→ **Prompt**
Take the entries below and print only the lines from the one with "Wenn ein Konto" through the one with "Künstler-AK Polizist schaut", exactly as they stand, both ends included.

→ **Data for this exercise**
---

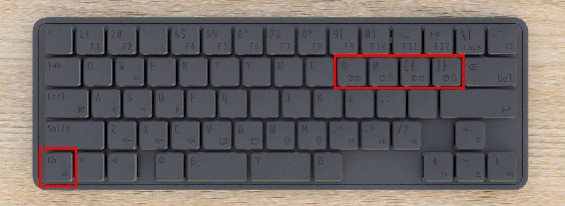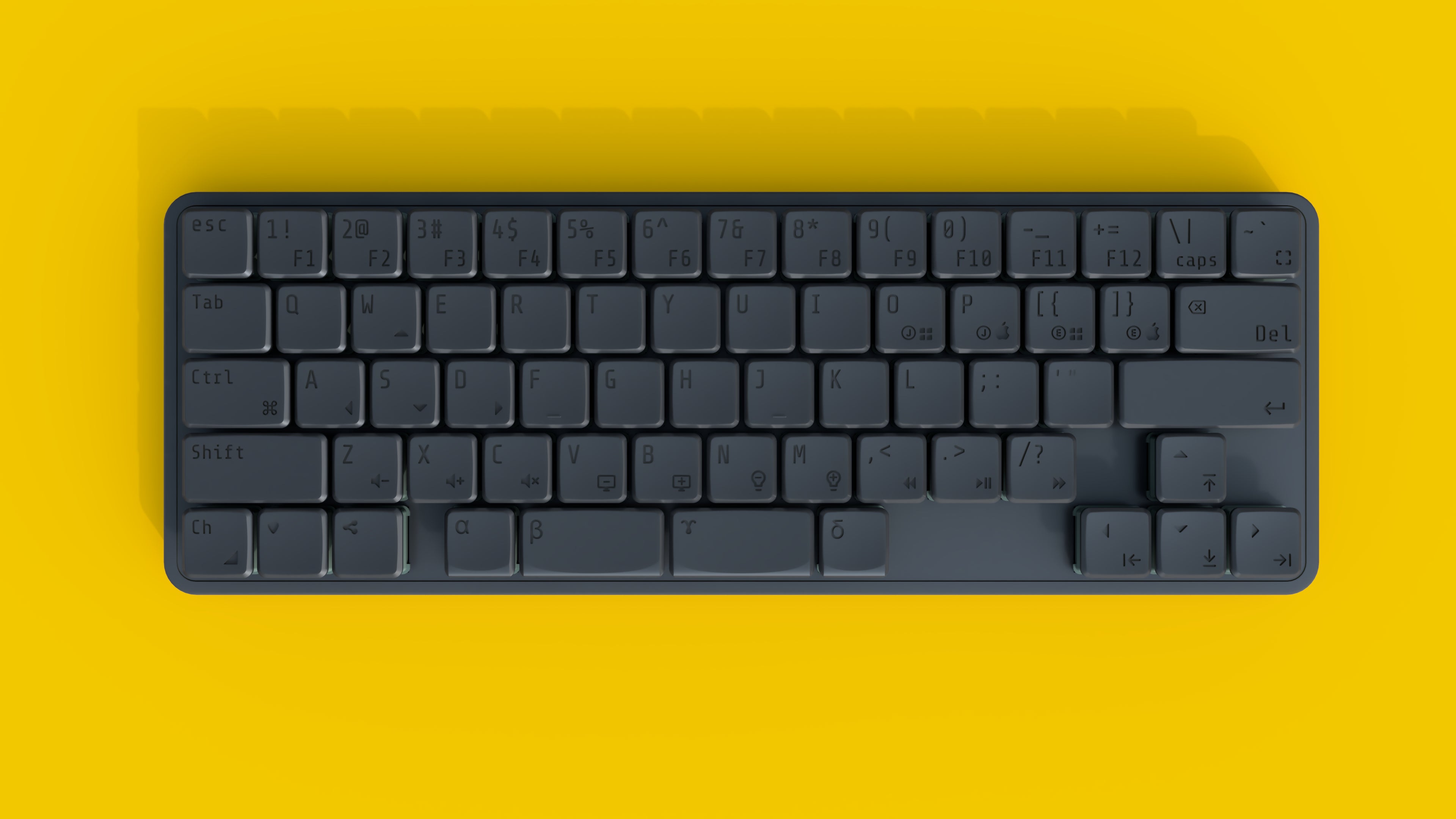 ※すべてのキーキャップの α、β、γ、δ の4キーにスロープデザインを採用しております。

---

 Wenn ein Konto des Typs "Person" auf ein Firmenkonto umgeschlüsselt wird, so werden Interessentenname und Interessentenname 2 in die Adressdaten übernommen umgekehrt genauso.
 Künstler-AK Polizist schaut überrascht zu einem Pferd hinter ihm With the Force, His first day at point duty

---

→ **Answer to this exercise**
 Wenn ein Konto des Typs "Person" auf ein Firmenkonto umgeschlüsselt wird, so werden Interessentenname und Interessentenname 2 in die Adressdaten übernommen umgekehrt genauso.
 Künstler-AK Polizist schaut überrascht zu einem Pferd hinter ihm With the Force, His first day at point duty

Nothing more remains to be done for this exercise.